NEW YORK/SAN FRANCISCO, April 27 (Reuters) - Box is launching a service built for artificial intelligence to expedite tedious work, like processing millions of invoices and pulling data from corporate documents, CEO Aaron Levie told Reuters on Monday.
In an interview at Reuters’ Momentum AI summit in New York, Levie said the company would launch the service, called Box Automate, on Tuesday. It builds on other AI programs that Box developed to put enterprises’ vast and disorganized data to use.
Box Automate lets a customer specify how AI agents - programs that perform tasks with minimal direction - can plug in to business processes like invoice management. The software can have an AI agent handle grunt work,pull crucial data from "every one of those invoices,"and set up a quick decision for an employee to review,Levie said.
The software will come with most of Box's enterprise product plans, he said. It also has the potential to upsellcustomers to Box's Enterprise Advanced tier, which lets them build agents powering this automation.
"We are trying to balance how to make this as available as possible," with "definitely trying to make more money," Levie said.
BOX PUSHES FORWARD ON AI
Box, which Levie co-founded more than two decades ago while in college, has lately been remaking its cloud services to revolve around AI in order to win business and stave off disruption.

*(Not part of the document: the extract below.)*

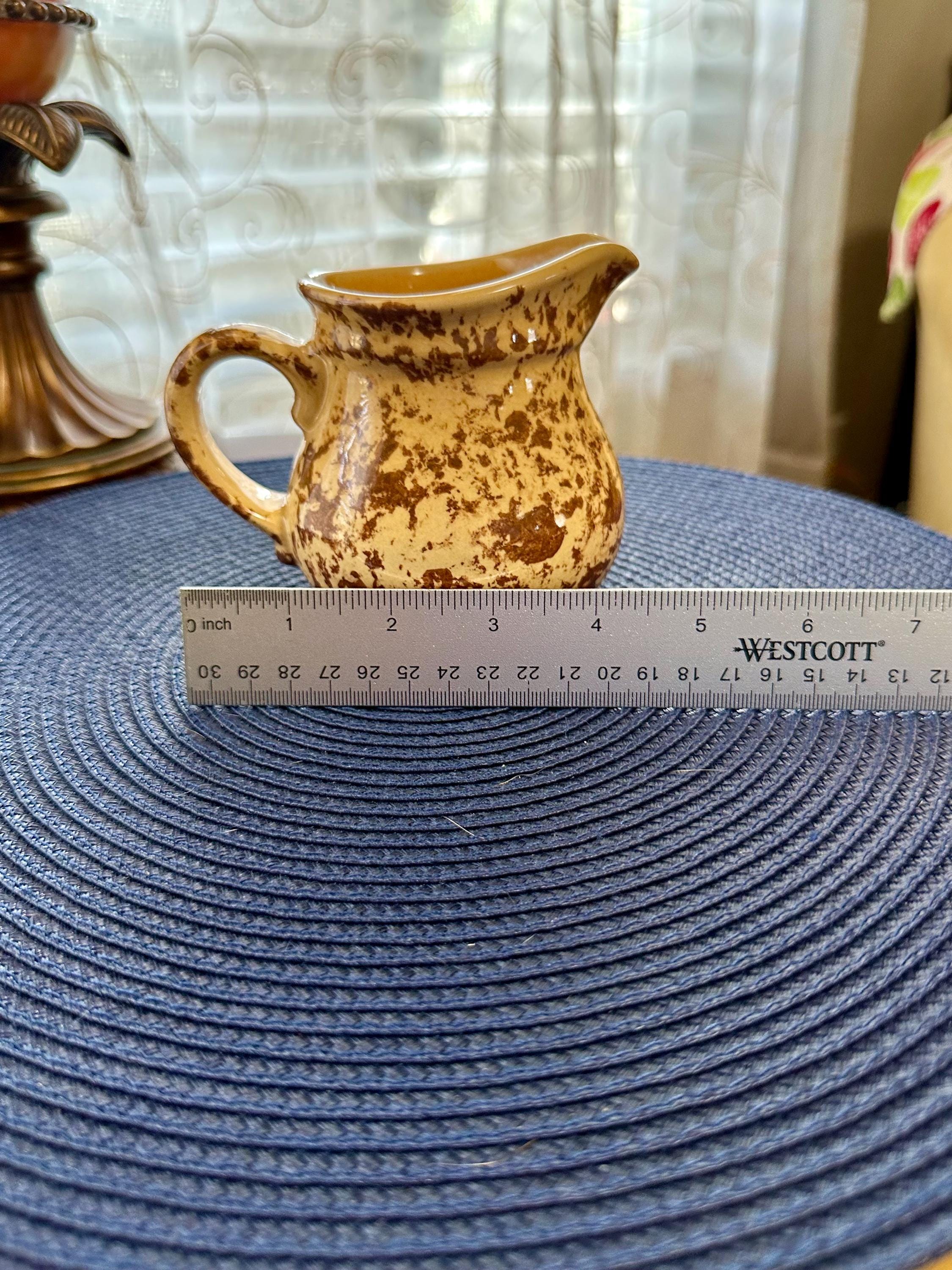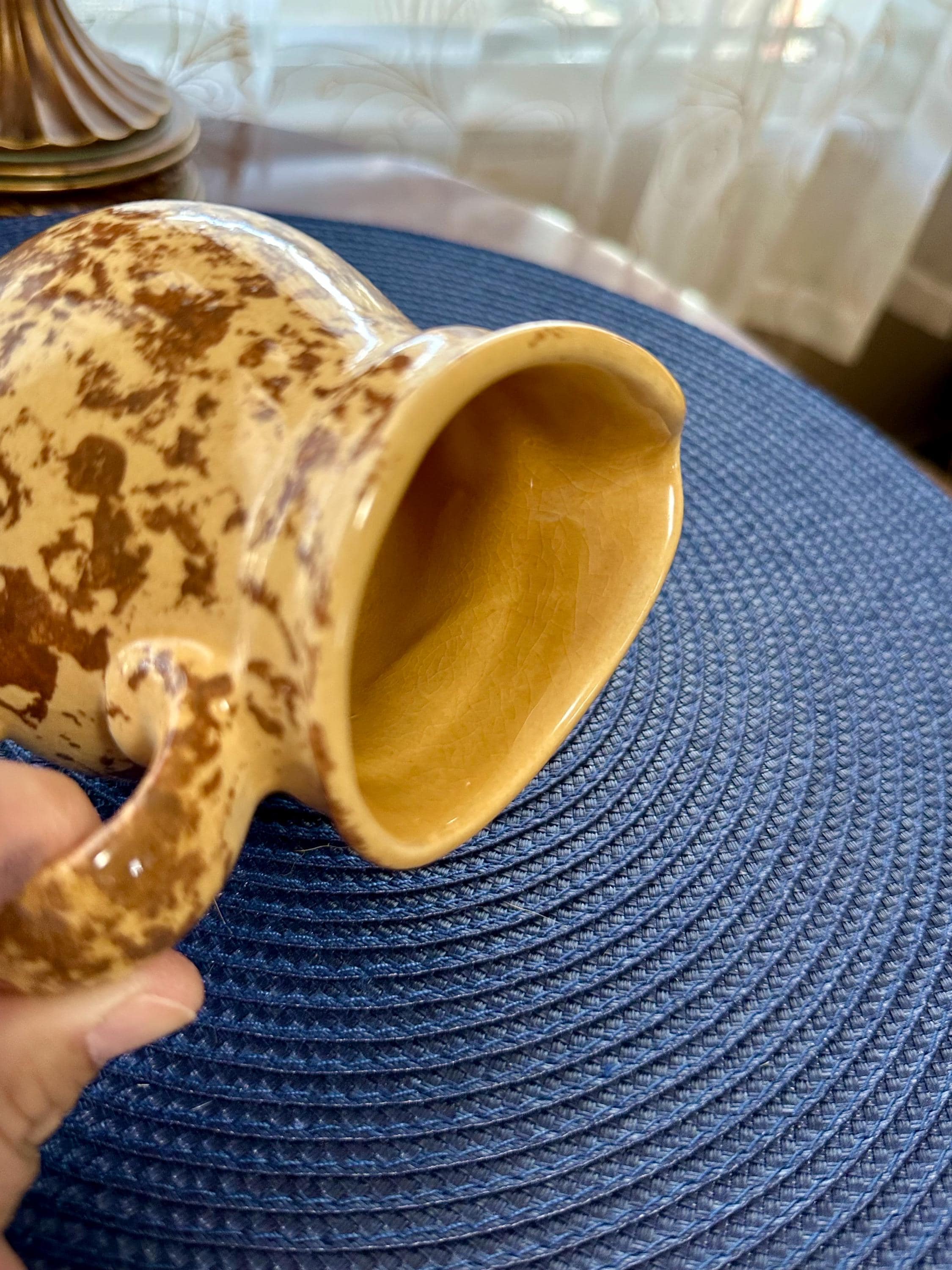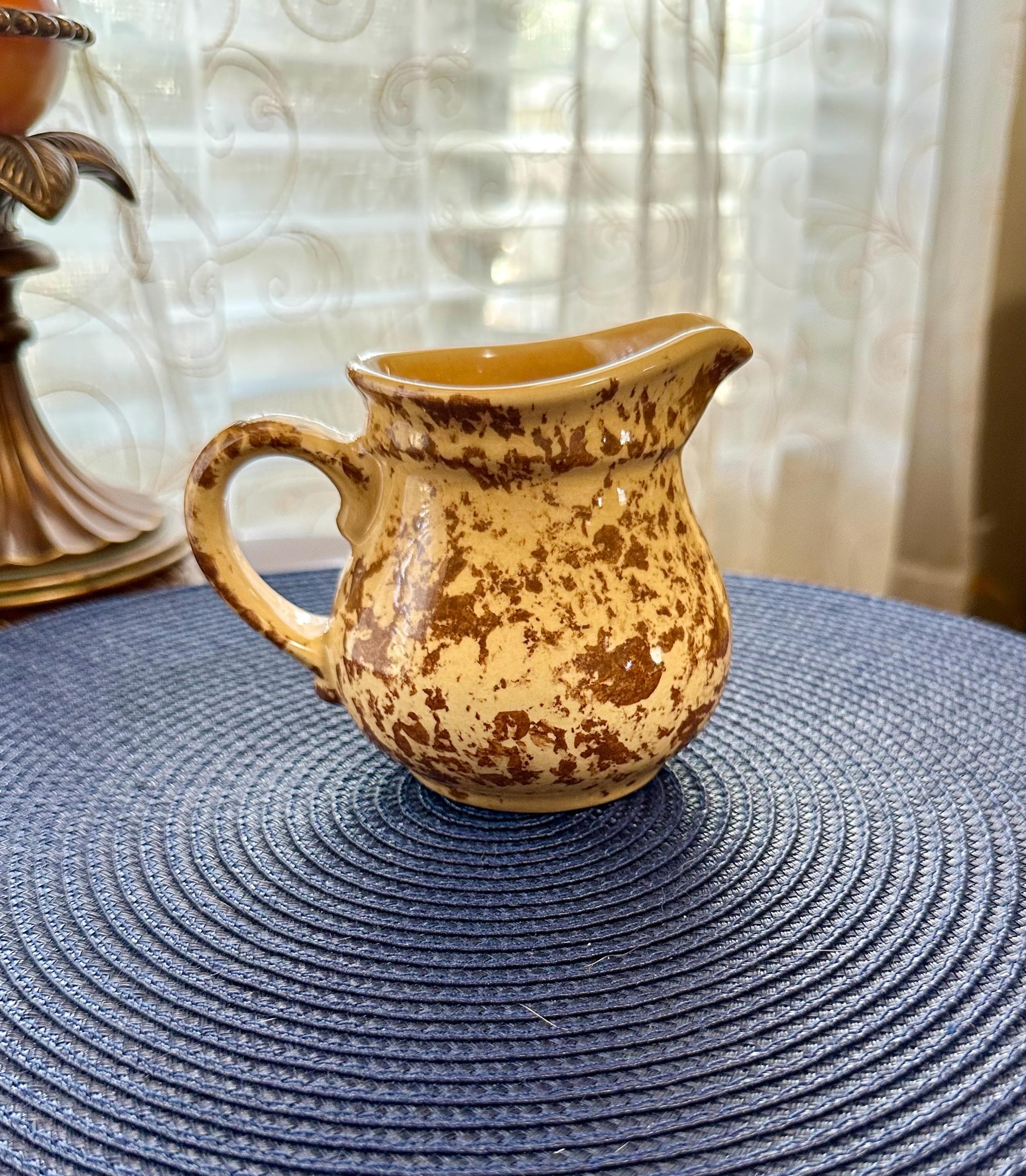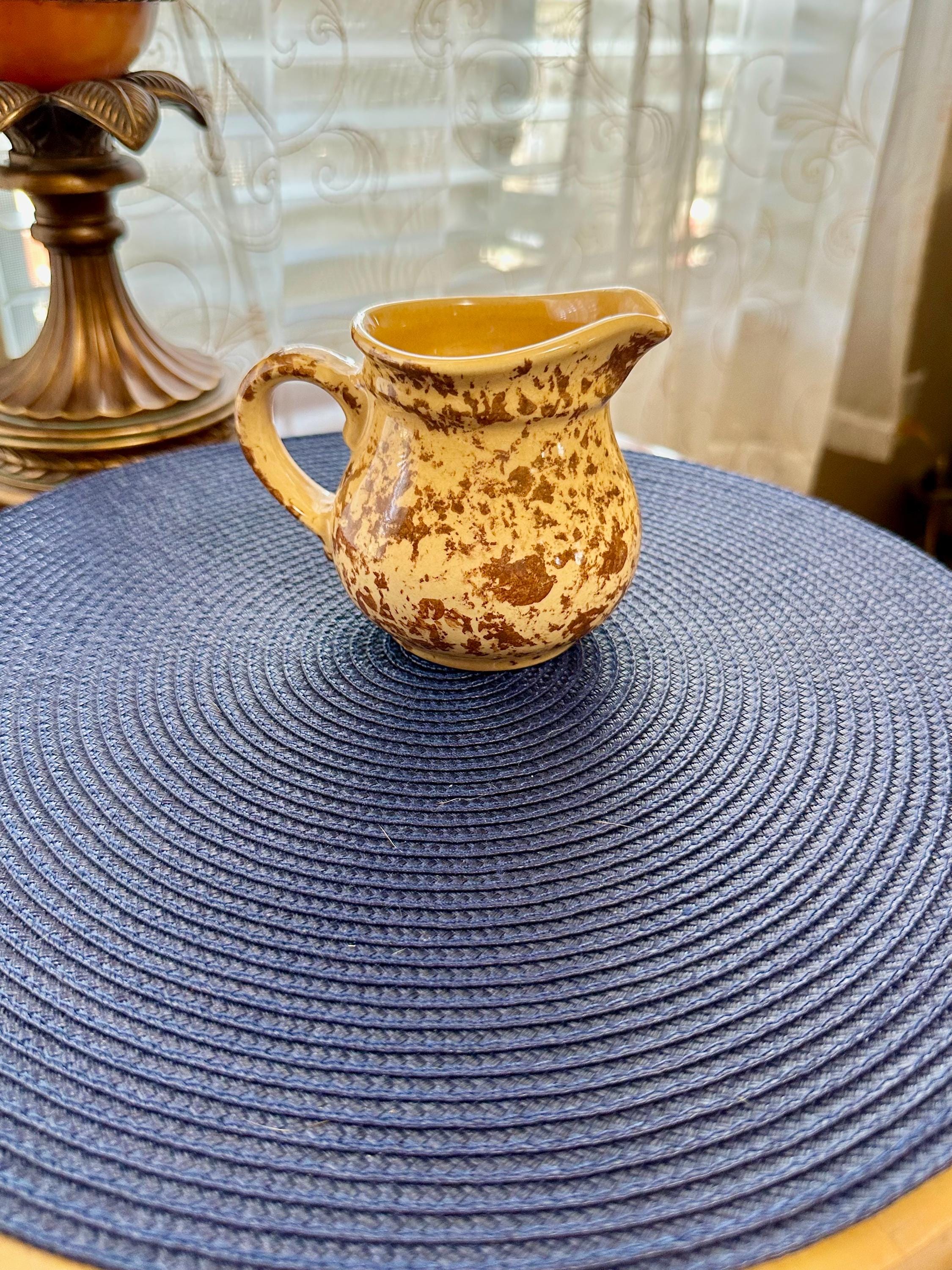 This is a discontinued Pfaltzgraff Spongeware Creamer/Pitcher in yellow and brown. This is from the "America" patterns, and the mold number is 024. There are no cracks or chips. There is slight crazing on the inside of this pitcher.

The Redwood City, California-based company is navigating a crowded marketplace for cloud computing, with a focus on business customers and on making AI from other developers, including Anthropic and OpenAI, achieve better results with their Box-stored content.
It has faced some market skepticism. Box's shares are down more than 16% so far this year as investors expected various software-as-a-service (SaaS) providers to be swept away by the enterprise drive of Anthropic in particular.
Levie is unfazed. In his view, most companies would not waste their scarce resources aiming to replicate what SaaS providers built over years, or ask the likes of ChatGPT to do so, in a practice called vibe coding.
"You're not going to vibe-code an ERP system," Levie said. "I don't think you're going to vibe-code a CRM system. The risk is simply too high."
RUNNING UP BILLS FROM AI
Asked what his board of directors wanted to see from Box on the AI front, Levie said, "Probably more, more, more."
A challenge that Levie likened to a "sort of schizophrenia" is that boards and C-suite officers are pushing for still greater AI adoption, then immediately questioning the investment return and saying, "I can't believe you just spent that much money on that thing."
The majority of Box's software is now written by AI, Levie said.
But costs are not necessarily what is preventing Box from reaching 100%. While some startups may boast that they forgo code review and have numerous agents handling their work, the risk that AI messes up - mistakenly deleting a database, for instance - is too great when Box serves some of the world's biggest institutions, Levie said. "We can't afford to do that type of execution."
Still, Levie himself has tried his hand at AI coding, sending staff examples of what he built and questioning them on their deliberative pace, he said.
The takeaway was not that Levie is looking to trade his CEO job for one in engineering, but that learning how AI works is key for any executive, he said.
"There's a journey that you go on ... You use AI a little bit, and you're like, 'Oh my God. It's going to automate the entire business.'"
"And then you use AI a lot, and you're like, 'Oh my god, we need humans for almost every'" part of the business, he said.